WHAT YOU WILL DO:
From the records below, please repeat exactly the line that has "①町内会、企業、学校などの団", the line that has "Drie rookkolommen geven", and every line between them, and nothing else.

Stored items from a collection
-------------------------

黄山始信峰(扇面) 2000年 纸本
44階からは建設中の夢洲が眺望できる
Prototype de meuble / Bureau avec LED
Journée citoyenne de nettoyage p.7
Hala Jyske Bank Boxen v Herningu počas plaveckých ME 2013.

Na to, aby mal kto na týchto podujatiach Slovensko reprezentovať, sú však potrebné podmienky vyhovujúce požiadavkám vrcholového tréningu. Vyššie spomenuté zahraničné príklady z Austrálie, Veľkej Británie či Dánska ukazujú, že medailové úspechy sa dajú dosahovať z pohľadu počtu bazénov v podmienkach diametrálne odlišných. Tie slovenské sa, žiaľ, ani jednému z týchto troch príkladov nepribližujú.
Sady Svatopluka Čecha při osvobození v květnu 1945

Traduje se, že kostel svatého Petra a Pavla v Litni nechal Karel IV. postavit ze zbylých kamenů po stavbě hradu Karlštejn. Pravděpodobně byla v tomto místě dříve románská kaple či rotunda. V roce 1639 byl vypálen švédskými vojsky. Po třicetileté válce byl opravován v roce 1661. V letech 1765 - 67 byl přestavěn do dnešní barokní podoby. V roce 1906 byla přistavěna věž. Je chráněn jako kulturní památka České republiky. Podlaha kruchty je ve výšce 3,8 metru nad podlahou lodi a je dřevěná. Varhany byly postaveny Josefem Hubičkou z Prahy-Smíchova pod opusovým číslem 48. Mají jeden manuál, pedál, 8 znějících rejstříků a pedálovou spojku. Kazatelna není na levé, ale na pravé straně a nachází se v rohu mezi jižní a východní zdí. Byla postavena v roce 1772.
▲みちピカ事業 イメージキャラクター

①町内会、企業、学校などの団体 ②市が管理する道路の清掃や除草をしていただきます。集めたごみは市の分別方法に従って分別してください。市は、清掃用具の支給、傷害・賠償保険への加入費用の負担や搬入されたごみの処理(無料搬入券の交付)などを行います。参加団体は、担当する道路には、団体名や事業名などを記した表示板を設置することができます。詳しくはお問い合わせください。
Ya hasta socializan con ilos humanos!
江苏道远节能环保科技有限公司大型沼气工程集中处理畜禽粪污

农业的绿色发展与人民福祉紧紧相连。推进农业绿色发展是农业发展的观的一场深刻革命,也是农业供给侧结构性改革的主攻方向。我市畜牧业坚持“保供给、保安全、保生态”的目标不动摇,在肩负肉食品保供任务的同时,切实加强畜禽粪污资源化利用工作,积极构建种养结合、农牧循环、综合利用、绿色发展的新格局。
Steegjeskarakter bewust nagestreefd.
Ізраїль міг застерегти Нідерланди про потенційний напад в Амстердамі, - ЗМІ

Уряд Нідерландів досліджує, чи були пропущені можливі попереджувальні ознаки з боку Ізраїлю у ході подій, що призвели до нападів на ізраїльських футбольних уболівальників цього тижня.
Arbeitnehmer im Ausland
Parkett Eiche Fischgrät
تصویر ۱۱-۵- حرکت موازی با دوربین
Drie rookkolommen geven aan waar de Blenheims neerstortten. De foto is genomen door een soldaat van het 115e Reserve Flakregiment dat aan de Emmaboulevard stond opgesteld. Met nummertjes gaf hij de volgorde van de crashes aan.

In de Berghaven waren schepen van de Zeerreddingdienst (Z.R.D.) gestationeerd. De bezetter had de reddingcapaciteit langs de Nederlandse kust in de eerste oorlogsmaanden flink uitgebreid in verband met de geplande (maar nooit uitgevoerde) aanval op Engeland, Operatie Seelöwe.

-------------------------

RESULT FOR THIS TASK:
①町内会、企業、学校などの団体 ②市が管理する道路の清掃や除草をしていただきます。集めたごみは市の分別方法に従って分別してください。市は、清掃用具の支給、傷害・賠償保険への加入費用の負担や搬入されたごみの処理(無料搬入券の交付)などを行います。参加団体は、担当する道路には、団体名や事業名などを記した表示板を設置することができます。詳しくはお問い合わせください。
Ya hasta socializan con ilos humanos!
江苏道远节能环保科技有限公司大型沼气工程集中处理畜禽粪污

农业的绿色发展与人民福祉紧紧相连。推进农业绿色发展是农业发展的观的一场深刻革命,也是农业供给侧结构性改革的主攻方向。我市畜牧业坚持“保供给、保安全、保生态”的目标不动摇,在肩负肉食品保供任务的同时,切实加强畜禽粪污资源化利用工作,积极构建种养结合、农牧循环、综合利用、绿色发展的新格局。
Steegjeskarakter bewust nagestreefd.
Ізраїль міг застерегти Нідерланди про потенційний напад в Амстердамі, - ЗМІ

Уряд Нідерландів досліджує, чи були пропущені можливі попереджувальні ознаки з боку Ізраїлю у ході подій, що призвели до нападів на ізраїльських футбольних уболівальників цього тижня.
Arbeitnehmer im Ausland
Parkett Eiche Fischgrät
تصویر ۱۱-۵- حرکت موازی با دوربین
Drie rookkolommen geven aan waar de Blenheims neerstortten. De foto is genomen door een soldaat van het 115e Reserve Flakregiment dat aan de Emmaboulevard stond opgesteld. Met nummertjes gaf hij de volgorde van de crashes aan.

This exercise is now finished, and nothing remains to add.